### AIM OF THE EXERCISE
Copy exactly. Include the line containing "A classic evergreen", every line after it, and the last line below, but no pictures.

### GIVEN MATERIAL
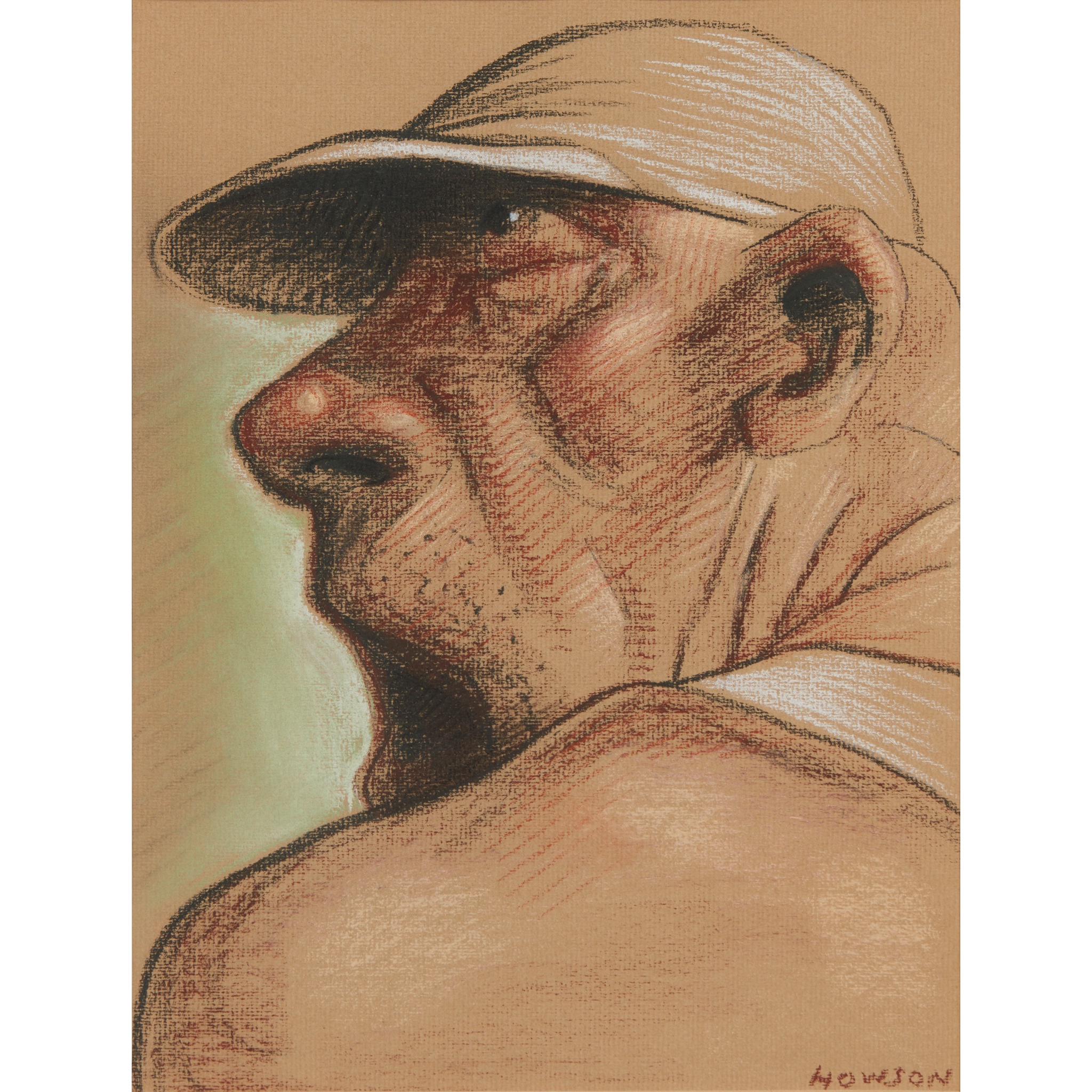 Signed lower right, pastel on brown paper
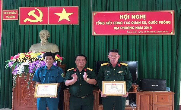 Trong năm 2019, Ban Chỉ huy Quân sự huyện đã tham mưu tốt cho Huyện ủy, UBND huyện tổ chức quán triệt, triển khai các nghị quyết, chỉ thị, kế hoạch thực hiện nhiệm vụ năm 20019. Tình hình an ninh chính trị, trật tự an toàn xã hội tiếp tục ổn định, quốc phòng an ninh được giữ vững và tăng cường, tình hình kinh tế - Văn hoá xã hội tiếp tục phát triển, góp phần nâng cao đời sống, vật chất tinh thần của cán bộ, chiến sỹ lực lượng vũ trang và nhân dân trên địa bàn huyện. Công tác chọn, gọi công nhân nhập ngũ đi vào nề nếp đạt chỉ tiêu 100%. Tổ chức diễn tập chiến đấu trị an tại xã đảo An Sơn đạt khá, đảm bảo an toàn tuyệt đối về người và vũ khí thiết bị. Phối hợp với các trường cấp 2 kiểm tra công tác giáo dục quốc phòng an ninh cho học sinh cấp 3 đúng theo chương trình quy định, kết quả đạt chung khá. Ngoài ra, công tác bảo đảm hậu cần luôn thưc hiện tốt công tác khai thác hậu cần tại chỗ bảo đảm đủ tiêu chuẩn định lượng chế độ ăn cho bộ đội. Tăng gia sản xuất và các hoạt động có thu đạt và vượt kế hoạch năm.
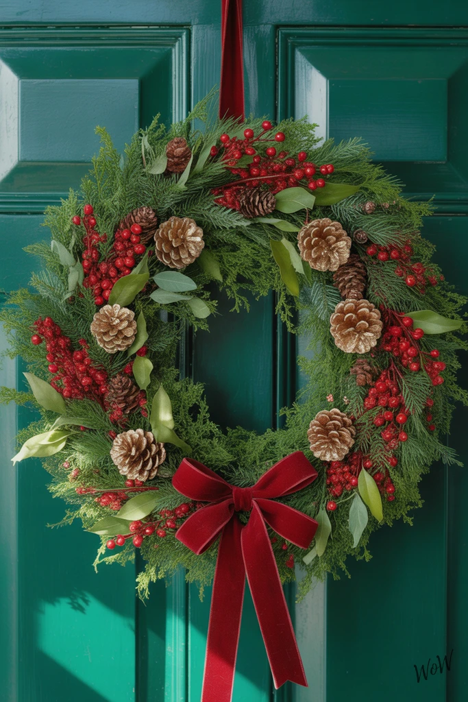 A classic evergreen wreath signals festive cheer, especially when it’s brimming with glossy red berries and gilded pinecones. For this look, pick a full, circular faux or real wreath-fir or pine works well, you want those lush green needles to create a soft, textured base.
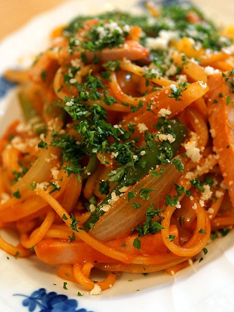 日曜の朝のスパゲティー…、冷たいパスタじゃなくってなんだか、ナポリタンを作りたくって、それで贅沢ナポリタン。

### FINISHED TASK
 A classic evergreen wreath signals festive cheer, especially when it’s brimming with glossy red berries and gilded pinecones. For this look, pick a full, circular faux or real wreath-fir or pine works well, you want those lush green needles to create a soft, textured base.
 日曜の朝のスパゲティー…、冷たいパスタじゃなくってなんだか、ナポリタンを作りたくって、それで贅沢ナポリタン。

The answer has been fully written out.